To determine the proper analysis of current and future state, ask: What are the tenets that our learning strategy needs to focus on? These are the principles we believe are true for this population. For a given company, the middle management tenets could be:

• Individual leaders’ effectiveness (about me as a leader).
• Leading effective teams (about the team).
• Leading effective organizations (about the business).

Next, the leadership competencies are aligned with the appropriate tenet(s) — in some cases a competency supported multiple tenets. In those cases, primary and secondary tenets are identified.

Perform an environmental scan, examining the context in which learning will be implemented.

To do this, consider:

• Budget.
• Maturity of current learning efforts.
• Time available (away from the job) to learn.
• Infrastructure (IT) capabilities — when e-learning is being considered.
• Senior management support.

Using data from the current and future state analysis, tenets, competencies and the environmental scan, determine the best delivery strategy.

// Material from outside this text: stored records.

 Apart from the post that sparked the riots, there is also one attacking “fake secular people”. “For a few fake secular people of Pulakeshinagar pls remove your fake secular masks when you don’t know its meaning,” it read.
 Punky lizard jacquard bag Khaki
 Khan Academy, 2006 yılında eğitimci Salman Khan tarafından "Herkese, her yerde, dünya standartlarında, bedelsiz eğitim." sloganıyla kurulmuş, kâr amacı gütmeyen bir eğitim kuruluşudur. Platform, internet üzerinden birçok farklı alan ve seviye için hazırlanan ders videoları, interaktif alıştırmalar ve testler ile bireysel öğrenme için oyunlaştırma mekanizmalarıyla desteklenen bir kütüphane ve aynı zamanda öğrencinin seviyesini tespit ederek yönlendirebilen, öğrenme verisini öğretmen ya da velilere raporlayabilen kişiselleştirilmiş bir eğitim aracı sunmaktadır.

In one example, middle managers might meet twice a year at a leadership conference, are “task saturated” (too much to do), are eager for leadership training, show capability to learn via alternate delivery, and the firm’s LMS might be a few months away from going live. Finally, their president might be a strong supporter of the effort and championed the initiative.

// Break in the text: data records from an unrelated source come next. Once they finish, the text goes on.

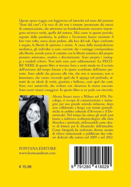 Questa opera viaggia con leggerezza ed intensità nel mare del pensiero "fuori dal coro"; è la voce di chi non è rimasto ipnotizzato dai mezzi di comunicazione, che attraverso un bombardamento ossessivo impongono un’unica verità, quella del sistema. Mai come in questo periodo, segnato dalla pandemia, la politica e l’economia hanno mostrato il loro vero volto, senza alcun pudore, alla luce del sole. Ogni confronto è negato, la libertà di opinione è morta. A causa della manipolazione mediatica, gli individui si sono convinti che i vantaggi corrispondano alla libertà, avendo perso il contatto con la libertà autentica del proprio pensiero autonomo, creativo e discriminante. Sono proprio i vantaggi a renderli schiavi. Non tutti sono però addormentati. Le PECORE NERE di questo libro si trovano forse a metà strada tra il recinto dell’universo del tempo lineare e lo spazio sconfinato dell’eterno presente. Sono adulti che giocano alla vita, che non si annoiano, non si lamentano, che vanno cercando quel che li appaga nel profondo, attratti da un ideale di verità, giustizia e bellezza, costi quel che costi. Sono voci autorevoli, che svelano con chiarezza la trama nascosta. Sono esseri umani coraggiosi. In questo libro se ne parla con sincerità.
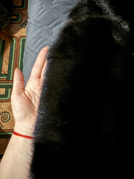 У шубы немного жестковатые волоски и на фоне подушки их заметно видно. Ну и тёмная мездра (магазин не скрывает, что шубы тонированные) Но мерила 2 другие модели у них же и там мездра была светлее чуть и волоски покороче.
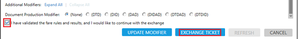 Cliquez sur ÉCHANGER LE BILLET pour afficher le message de confirmation du tarif manuel.
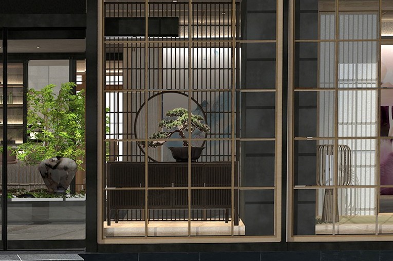 Seen through a delicate circular window, the pine tree reflects Japanese aesthetics. The composition creates a painterly, layered image.
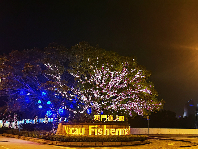 回到关闸,寻找通往酒店的“发财车”,一辆绿色装饰,写着“澳门渔人码头”的小巴车正停在写有酒店名字的遮阳伞前面,才知道我们今晚住的酒店就在渔人码头里面。
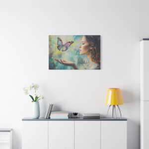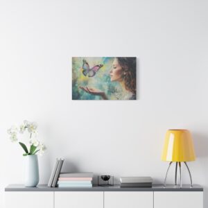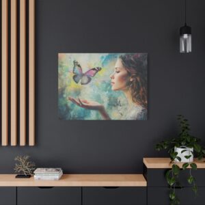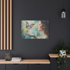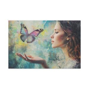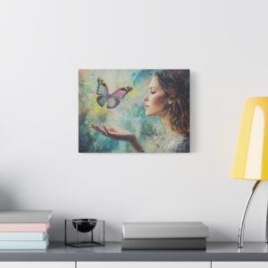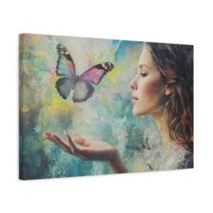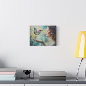 Plongez dans un univers onirique avec cette œuvre d’art contemporaine envoûtante. Le portrait saisissant d’une femme, main tendue vers l’infini, libère un papillon dans une chorégraphie picturale unique. Les coups de pinceau impressionnistes et les effets aquarelles créent une atmosphère de rêve captivante.
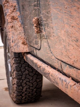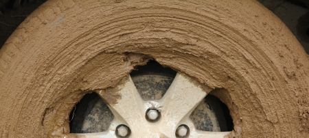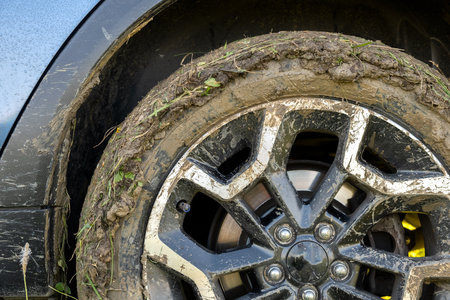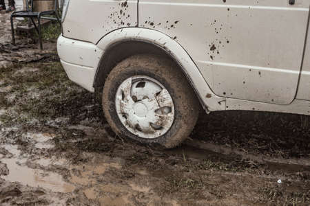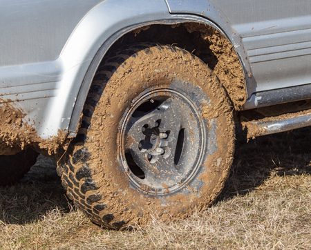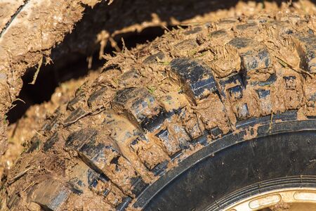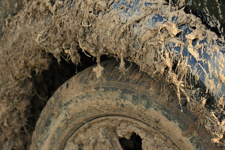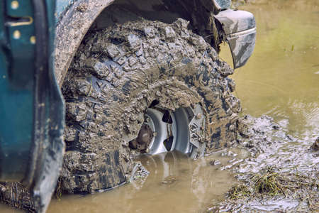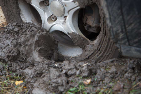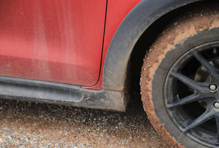 Close-up car tires are dirty on the mud. During the rainy season outdoor adventure and travel.

This might lead to the following strategic decisions:

1. The company would annually support one two-day, classroom-based workshop plus one leadership conference. A second workshop could be added, budget permitting.
2. Workshops would be heavy application (practice) oriented preceded by an e-learning course providing basic content.
3. Workshops would be large-scale events — 100 people per workshop using a “table coach” design, where five to six students are paired with coaches to guide the learning. Coaches are a mix of external facilitators and selected internal employees.
4. Based upon the needs and gap analysis, the firm decided the workshop and e-learning course would be custom-designed (vs. off-the-shelf training). After examining its internal capability, the firm chose to outsource the design, development and delivery.
5. Based upon senior executive and HR interviews, the first year’s tenet and corresponding course were identified. They selected a steering committee of senior leaders to decide what the subsequent year’s tenet and course would be. This process is repeated annually for the life of the learning strategy.
6. Courses from previous years would be used to prepare high-potential talent to move in.
The strategy is to build out the curriculum over a five-year period.

Governing the Enterprise Learning Strategy

Strategies and their implementation need care and feeding. An enterprise learning strategy is no different. To govern the strategy and keep it evergreen, implement the following activities:

• A senior executive champions the strategy and leadership development initiative.
• Human resources “owns” the strategy development and its annual implementation.
• The steering committee meets annually to determine the focus for the upcoming year (tenet and course(s)).
• For each new course, a vice president-level executive owns that program and charters a committee to oversee the design, development, delivery and transfer to the job. The assignment rotates among senior staff.

Learning is an economic elixir. It makes people and organizations more adaptable, responsive and nimble. It serves as the bedrock for innovation, as it’s impossible to innovate without learning something new. It’s the foundation for extraordinary customer service, employee attraction, retention and development, and is the fuel for profitable growth. It can shape culture. And when it’s done right, it’s one of those rarest opportunities — where employers’ and employees’ needs are in perfect harmony. In the vast majority of cases, it offers significant benefits for both.

Learning investments require a long-term focus and an ability to balance the tradeoffs between profits today for greater returns in the future. In short, having the right learning strategy will increase an organization’s ability to create value.